Thursday, 25 February 2010

The case for co-ops

I trust Dr Rory Ridley-Duff of Sheffield Business School will not object to my copying large chunks of his letter to yesterday's Independent . The Cooperative movement in this country has, by an accident of history, come to be associated with the Labour Party. However, I venture to suggest that the Toad Lane pioneers, if they had a vote, would have been split between Liberals and Conservatives. There have been leading Liberal and Liberal Democrat Cooperators down the years. More significanctly, three years ago, Iain Duncan Smith saw the cooperative principle as a way of improving local services, something which was not remarked on much at the time. More notice was taken when David Cameron recently relaunched the policy, with particular reference to schools.

Dr Ridley-Duff writes: "Labour, and particularly Ed Balls, would do well to review the intellectual sources underpinning the Conservative position, as they expose the intellectual weakness of New Labour's leadership on the issue of co-operative economics and participatory democracy." One could add that the Coop has led the way on Fair Trade and ecological matters, where the government has faltered.

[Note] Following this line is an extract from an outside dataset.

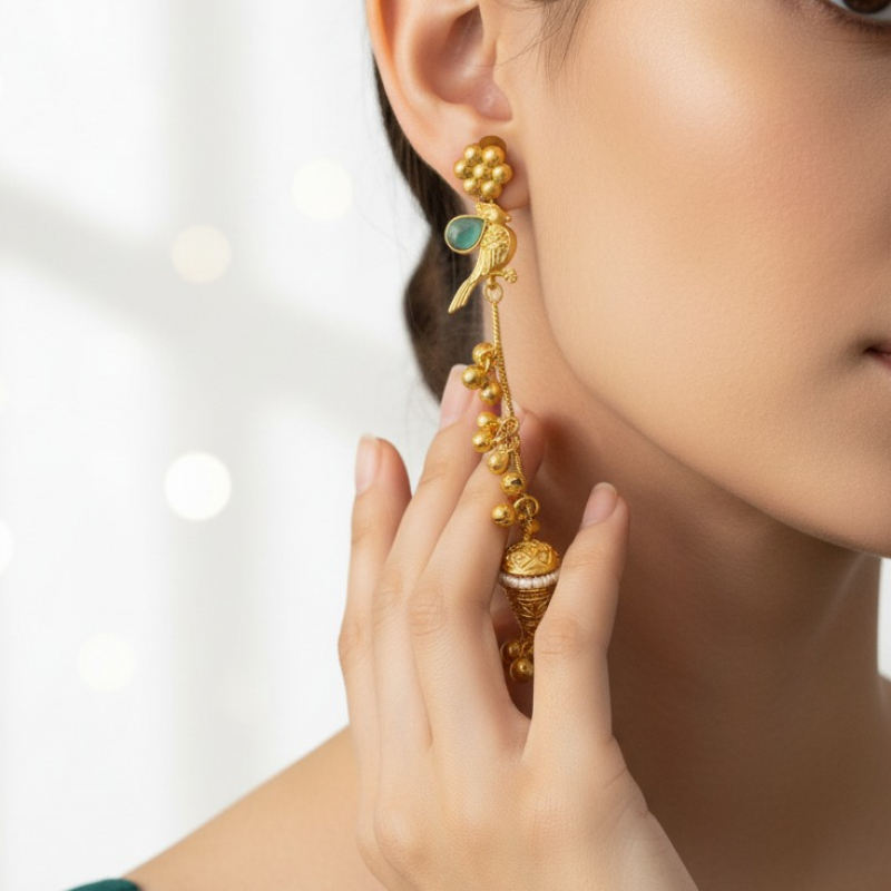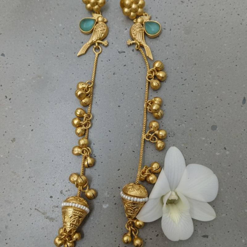 Add a touch of cultural elegance to your jewellery collection with the Shuka Ghungroo Heritage Drop Earrings. Inspired by traditional temple artistry, these earrings beautifully combine symbolic motifs with graceful movement.

But he goes on to twit the Conservatives: "why is the policy only being suggested for public sector institutions? Why is David Cameron not championing this for the banks (as Mutuo are doing)? Why is he not arguing for workers to have a right to take over insolvent companies (as happens in Argentina and Venezuela)? Why is he not championing employee-ownership as a business succession policy (as both the Employee Ownership Association and Cooperatives UK argue)?"

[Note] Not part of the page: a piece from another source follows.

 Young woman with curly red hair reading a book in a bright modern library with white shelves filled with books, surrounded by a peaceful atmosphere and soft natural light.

He concludes: "The UK is one of only four EU countries without co-operative law: an appalling indictment of a government that includes Cooperative Party MPs. Hopefully, the current news story will move them to action."

One of the few areas of UK industry to survive the Thatcher/Howe economic blitz of the 1980s was that of small co-ops and employee-owned businesses, enabled by possibly the only Liberal-inspired legislation during the Lib-Lab pact. The "Sheffield" approach may show a way out of our current difficulties.